I always thought bash.org had a good point with this one. It sorta sums up everything:

<Donut[AFK]> HEY EURAKARTE
<Donut[AFK]> INSULT
<Eurakarte> RETORT
<Donut[AFK]> COUNTER-RETORT
<Eurakarte> QUESTIONING OF SEXUAL PREFERENCE
<Donut[AFK]> SUGGESTION TO SHUT THE FUCK UP
<Eurakarte> NOTATION THAT YOU CREATE A VACUUM
<Donut[AFK]> RIPOSTE
<Donut[AFK]> ADDON RIPOSTE
<Eurakarte> COUNTER-RIPOSTE
<Donut[AFK]> COUNTER-COUNTER RIPOSTE
<Eurakarte> NONSENSICAL STATEMENT INVOLVING PLANKTON
<Miles_Prower> RESPONSE TO RANDOM STATEMENT AND THREAT TO BAN OPPOSING SIDES
<Eurakarte> WORDS OF PRAISE FOR FISHFOOD
<Miles_Prower> ACKNOWLEDGEMENT AND ACCEPTENCE OF TERMS


----------



## Grandi Floras (Feb 15, 2008)

*Pet Peeve of the Day!*






Public Restroom stall doors that are so small you can't get the door open to get out of the stupid thing without straddling the toilet. Why can't they make the doors open out or something? And by the way, MANY folks have this complaint, not just *"Big"* ones.​


----------



## Grandi Floras (Feb 16, 2008)

*Pet Peeve of the Day!*






Telemarketing calls just to see when you will be home to answer the call, all you get is dead air when you pick up, makes you think someone is checking out your house to rob! ​


----------



## Grandi Floras (Feb 17, 2008)

*Pet Peeve of the Day!*






When men clear their throats and sinuses and spit in public places so that people take the chance of stepping in it. 
EWWW! ​


----------



## Grandi Floras (Feb 18, 2008)

*Pet Peeve of the Day!*






Sunday afternoon football that disrupts sunday primetime. ​


----------



## Grandi Floras (Feb 19, 2008)

*Pet Peeve of the Day!*






Dog owners who leave thier dogs chained up 24/7 and never give them attention. ​


----------



## Grandi Floras (Feb 20, 2008)

*Pet Peeve of The Day!*






Credit Card Companies that add on the annual yearly fee and put you over the limit of your account, then keep calling you, wanting you to make a payment before you get paid again.​


----------



## Grandi Floras (Feb 21, 2008)

*Pet Peeve of the Day!*






When people Cheat at, on, with or for personal gain.​


----------



## Grandi Floras (Feb 22, 2008)

*Pet Peeve of the Day!*






Road Rage!​


----------



## Grandi Floras (Feb 24, 2008)

*Pet Peeve of the Day!*






People that seem to think that it is alright to run large escavating machinery early on Sunday Mornings when other's would like to sleep in on their one and only day off from work of the week!​


----------



## goldilocks829 (Feb 24, 2008)

If I may, I'd like to add my pet peeve of people who litter, especially throwing cigarette butts out car windows.

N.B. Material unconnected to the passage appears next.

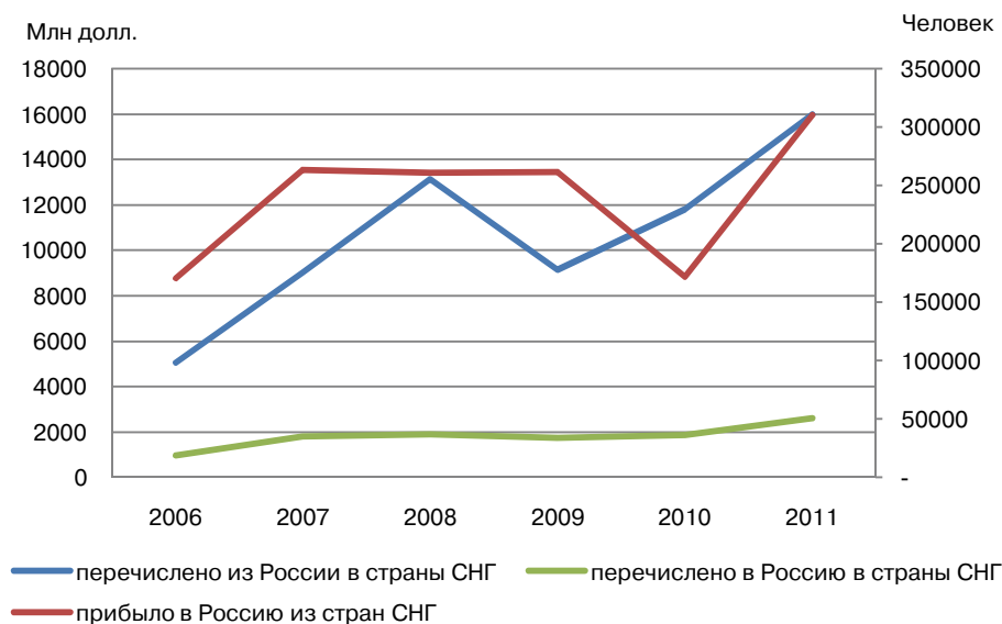
Рис. 2. Трансграничные переводы между РФ и странами СНГ, прибытие мигрантов из стран СНГ в РФ

Рис. 2 наглядно демонстрирует взаимосвязь трансграничных денежных переводов и притока мигрантов в Российскую Федерацию из стран СНГ.

ARGH! Thank you.


----------



## Grandi Floras (Feb 25, 2008)

*Pet Peeve of the Day!*






People that let their dawgs poop in your yard and don't clean it up!​


----------



## Grandi Floras (Feb 26, 2008)

*Pet Peeve of the Day!*















People that think that they are being funny when in fact, they are just being rude.​


----------



## Grandi Floras (Feb 27, 2008)

*Pet Peeve of the Day!*






Gas Prices and the Government, nuff said.......​


----------



## Dravenhawk (Feb 28, 2008)

Grandi Floras said:


> *Pet Peeve of the Day!*
> 
> 
> 
> ...



I am a football fan and although Sunday primetime is important Fotball trumps most primetime shows an there are netcasts and reruns to catch up on missed episodes so you get the best of both worlds.


----------



## Grandi Floras (Feb 28, 2008)

*Pet Peeve of the Day!*






Teenagers that disrespect their Parents and Teachers at school!​


----------



## Grandi Floras (Feb 29, 2008)

*Pet Peeve of the Day!*






People that ask you a question, and then don't like the answer.​


----------



## Grandi Floras (Mar 1, 2008)

*Pet Peeve of the Day!*







Gum on the Sidewalk or wherever people need to walk!​


----------



## Grandi Floras (Mar 3, 2008)

*Pet Peeve of the Day!*






TV reality shows that make no sense.​


----------



## ThikJerseyChik (Mar 3, 2008)

How about PEOPLE that make NO sense DAILY!


----------



## Grandi Floras (Mar 4, 2008)

*Pet Peeve of the Day!*






Having to cancell a doctor's appointment because I am sick.......:huh:​


----------



## Grandi Floras (Mar 11, 2008)

*Pet Peeve of the Day!*






Getting your strength Sapped when you are sick.​


----------



## CandySmooch (Mar 11, 2008)

Grandi Floras said:


> *Pet Peeve of the Day!*
> 
> 
> 
> ...



OMG this happens to me ALL THE TIME!!!!!!!!!!!!! I trust they get it right since it was correct on the screen, but really gets me is when you ask again at the window......and that was with no lettuce right? Oh yes!!! Get home and its piled with lettuce.........grrrrrrrrrrrrrrrr!!!!!!! 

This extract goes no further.